**ABOUT THIS TASK**
The listing below is to be copied exactly, with pictures excluded.

**PROVIDED DATA**
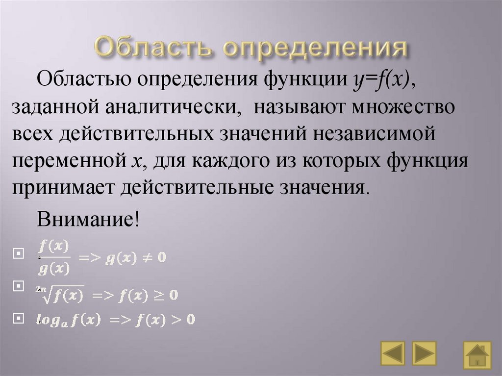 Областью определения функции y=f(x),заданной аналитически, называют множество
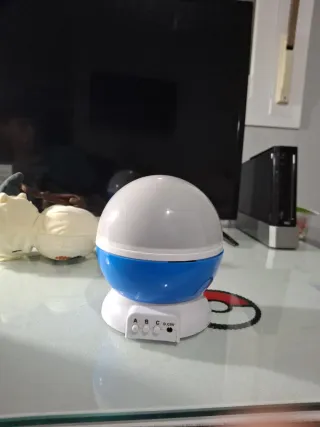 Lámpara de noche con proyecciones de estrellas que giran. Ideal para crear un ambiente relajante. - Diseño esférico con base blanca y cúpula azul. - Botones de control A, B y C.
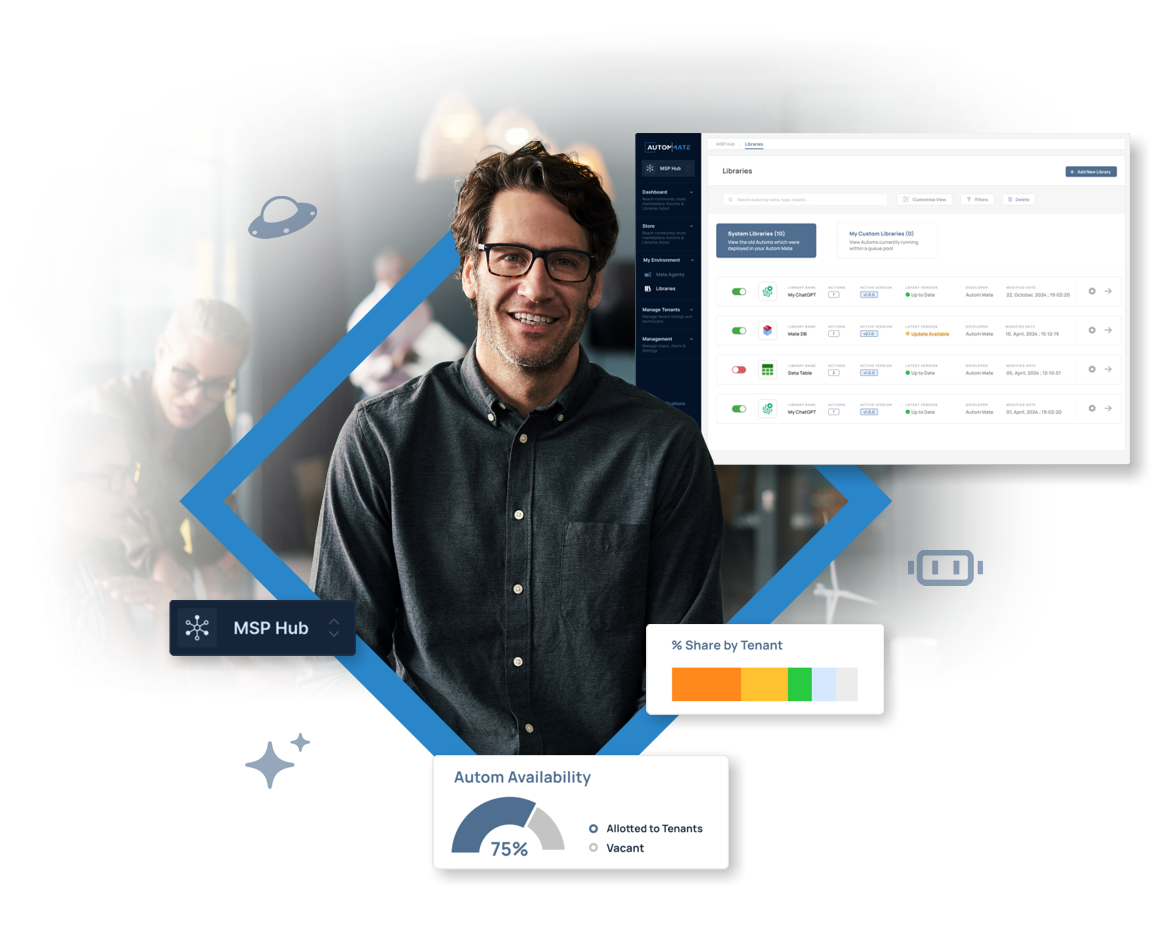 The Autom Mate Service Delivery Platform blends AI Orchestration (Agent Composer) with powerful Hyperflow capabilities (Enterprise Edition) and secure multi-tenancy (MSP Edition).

**OUTPUT**
 Областью определения функции y=f(x),заданной аналитически, называют множество
 Lámpara de noche con proyecciones de estrellas que giran. Ideal para crear un ambiente relajante. - Diseño esférico con base blanca y cúpula azul. - Botones de control A, B y C.
 The Autom Mate Service Delivery Platform blends AI Orchestration (Agent Composer) with powerful Hyperflow capabilities (Enterprise Edition) and secure multi-tenancy (MSP Edition).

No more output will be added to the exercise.